Chile is the world's largest producer of copper and has been so uninterruptedly since 1983. This activity provides a substantial part of the Chilean state's revenue: slightly less than 6% in 2020, with state-owned copper company Codelco alone generating 2.6% of state revenue. (Note: From 2001 to 2014 Codelco alone stood for 10% of the state's income.)

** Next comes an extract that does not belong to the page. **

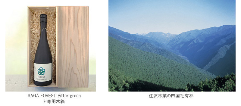 リニューアル商品の一つである日本酒「SAGA FOREST Bitter green」はみずみずしい香りとほのかな苦味が調和した味わいが特長です。「自然との共生」をテーマに、森に包まれるようなひとときを感じられる新たな味わいを追求しました。専用木箱は住友林業グループのスミリンウッドピース株式会社(本社:愛媛県新居浜市)が製造し、住友林業の四国社有林のスギを使用します。

Mining of copper in Chile is done chiefly on large and giant low-grade porphyry copper deposits which are primarily mined by the following companies; Codelco, BHP, Antofagasta Minerals, Anglo American and Glencore. Together these companies stood for 83.6% of the copper output in Chile in 2019 and many copper mining companies are joint ventures involving one at least one of these. Medium-scale mining in Chile, which focuses mainly on copper, produced about 4.5% of the copper mined in the country from 2017 to 2021. Copper is also the main product of small-scale mining in Chile, with about 95% of small-scale miners working in copper mining. (Note: The fact that most small-scale mining in Chile focus on copper, which means handling large volumes difficult to smuggle or hide has been thought to be a contributing factor to the low levels of illegal mining in Chile.) One estimate puts the number of active copper mines in Chile in 2023 at 67. In the 2015–2025 period 86–91% of the annual copper production in Chile has been mined in open pits and the remainder in underground mines.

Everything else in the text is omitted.